Scientific Revolutions

Essay Questions – Spring Term

 

--Please select ONE of the four following questions and compose a thoughtful, 5-page, double-spaced (about 1200-1400 word) essay in response. Your answer should incorporate material from the readings, lectures, and videos, as appropriate. Use the primary source texts (in Baigrie's Scientific Revolutions: the Primary Texts) to support your argument; do not simply summarize the texts, but give relevant quotations, evidence, and logical reasons for your argument. You need not go beyond the materials presented and discussed in lectures, although there is no penalty for seeking out other information. All sources must be properly cited (in a citation system of your choice); failure to do so is plagiarism and will be an automatic failure.

--This assignment is worth 15% of your final grade and is due in class on Wednesday 15 March 2000. Papers that run over 5 pages will be graded on only the first 5 pages. Late papers will incur a 2% per day penalty until turned in and may be handed to the professor or the IHPST main office in room 316 of Victoria College ("Old Vic" - above the Vic Bookstore). As with all formal writing, spelling and grammar count and plagiarism is inadmissible.

 


Q1: Compare Paracelsus' conception of matter with that of Joseph Priestly, as evidenced by their primary source readings. Consider how each scientist defines matter and how they can work with it (i.e., what they can do with it). What are the merits and demerits of both systems?

 

Q2: Consider Isaac Newton's Rules of Reasoning in Philosophy (pp. 156-8 in Baigrie) and see how well they apply to one of the other experimental scientists in the reader. Describe how the other scientist did his work and then evaluate whether they followed Newton's rules.

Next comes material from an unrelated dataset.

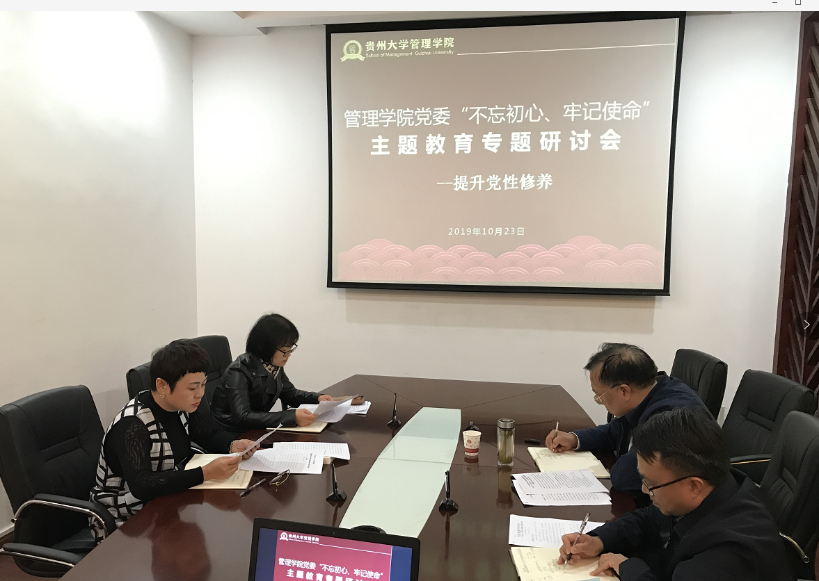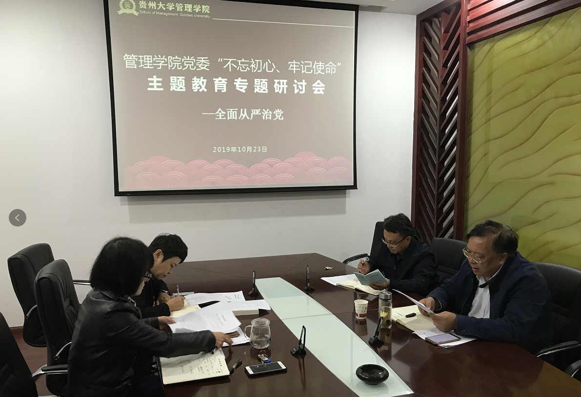 2019年10月23日中午13:00,管理学院党委在致远楼三楼小会议室召开主题教育专题研讨第二次会议。学院党委领导班子成员参加会议,会议由学院院长李烨主持。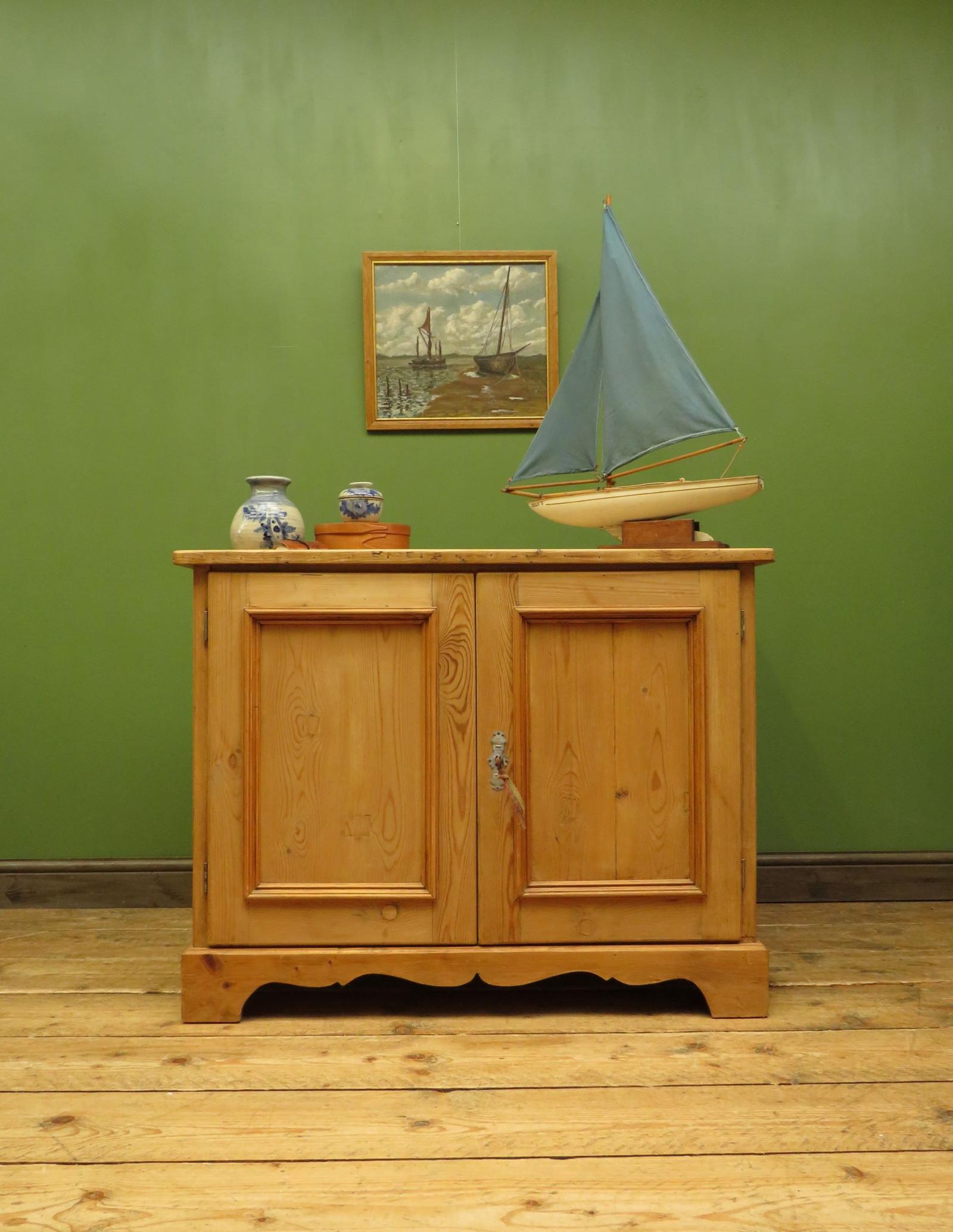 Victorian Antique Pine Cupboard with Double Doors, Lockable

[You may use the reading of any scientists who came chronologically after Newton, although Cavendish, Volta, Oersted, Röntgen, or Faraday (#27) might be your more appropriate options.]

 

Q3: Compare the explanatory power of J.B. Lamarck's model of evolution with that of Charles Darwin. Based solely on the two readings, why did Darwin's view triumph?

 

Q4: Having read James Watson's The Double Helix, compose a book report which addresses the question of how much personal rivalries and competition play into the development of the idea of DNA. Consider how personal connecitons might help the development and how much personal rivalries might hinder (or at least affect) that same development.